Hands down my favorite MSF is Perfect Topping!


----------



## lilinah (Jan 15, 2013)

I'm between 15 & 20, neutral.

  	I'm new to MSFs. I got my first in 2011 and i've gotten 8 over the past 2 years, as well as 4 Mineralize blushes. Of the ones i have, my favorite MSF is *Blonde*.

  	I have:
  	Rose Quartz --- Warm pink, inner circle: lime, silver, white-pink, copper with micro-glitter (Semi-Precious)
  	Light Year ------- Peachy pink with gold shimmer (Heavenly Creature)
  	Redhead --------- Gold to salmon pink degradé (Naturally)
  	Porcelain Pink - Soft pinky coral with gold veining (Apres Chic)
  	Blonde ------------ Soft pink to rose degradé (Naturally)
  	Lightscapade -- Soft candlelit beige with multi-dimensional shimmer (Fall Colour)
  	Star Wonder ---- Plummy pink with multi-dimensional pearlized pigments (Heavenly Creature)
  	Earthshine ------ Tarnished bronze with gold pearlized pigments & pink reflects (Heavenly Creature)

  	Mineralize Blushes
  	Sakura ----------- Lavender pearl with deep magenta heart (Quite Cute)
  	Miss Behave -- Light warm beige with pearly mint green heart (Quite Cute)
  	Solar Ray ------- Peach and gold melange (Heavenly Creature)
  	Stratus ---------- Amethyst and golden brown melange (Heavenly Creature)

  	I now have a wishlist of older LE MSFs (& 1 Blush) i'd like to find:
  	Hand-Finish Mineralize Blush ------- Light pink with deep gold veining (Colour Craft 2009)
  	Perfect Topping MSF ------------------ Pink/ peach/ lavender melange (Sugarsweet 2009)
  	By Candlelight MSF -------------------- Golden pink-beige (In the Groove 2010)
  	Semi-Precious Pearl MSF ----------- Beige champagne base with inner circle of white, plum, bronze (2011)
  	Semi-Precious Crystal Pink MSF - Pink champagne base with inner circle of pink, mid-tone green, bronze (2011)

  	Edit to Add:
  	And my favorite finishing powder is Mineralize Skinfinsh Natural in Light Plus.


----------



## kimibos (Jan 15, 2013)

MACerette said:


> Do you swirl the colours together or do you use the pearly part?


  	     i use the center as a blush sometimes but i mostly use the outside as a highlighter.


----------



## MACerette (Jan 15, 2013)

kimibos said:


> i use the center as a blush sometimes but i mostly use the outside as a highlighter.


   Me too.

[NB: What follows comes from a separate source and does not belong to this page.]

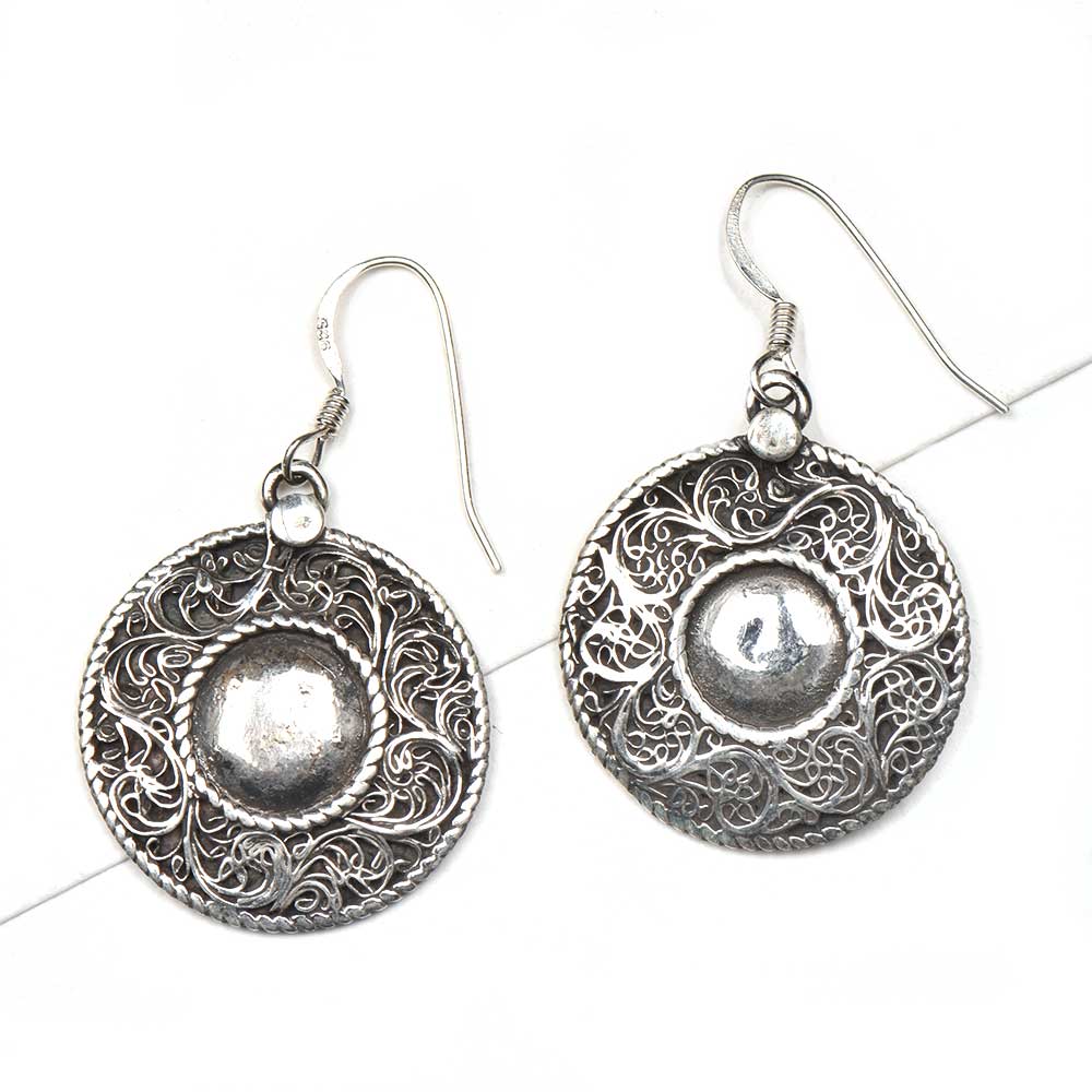 Handmade 92.5 sterling silver earrings with a round ball in centre surrounded by filigree floral pattern is perfectly paired with traditional as well as western wear. Gift it to your near and dear ones on special occasions and ceremonies. Suitable for girls and women of all age group.

So far at least...


----------



## martiangurll (Jan 16, 2013)

Forgot about Perfect Topping.  I like that one as much as Beigescapeade.  Maybe slightly better.  I think a harder question would be, which mineralize product do you like best:  MB, MES or MSF?


----------



## sayah (Jan 16, 2013)

MB. Like Dainty.


----------



## Leven (Jan 16, 2013)

My all time fav is Redhead =] I can use it on a lot of skin tones and its the perfect balance of pink and peach. I miss the striped MSFs MAC used to do! 

  	Honorable Mention: 

  	Earthshine! A lot of people seemed to overlook this one when it came out last year. A swirl of plum, bronze, and gold. Such an amazing shade for WOC.


----------



## MACerette (Jan 16, 2013)

martiangurll said:


> Forgot about Perfect Topping.  I like that one as much as Beigescapeade.  Maybe slightly better.  I think a harder question would be, which mineralize product do you like best:  MB, MES or MSF?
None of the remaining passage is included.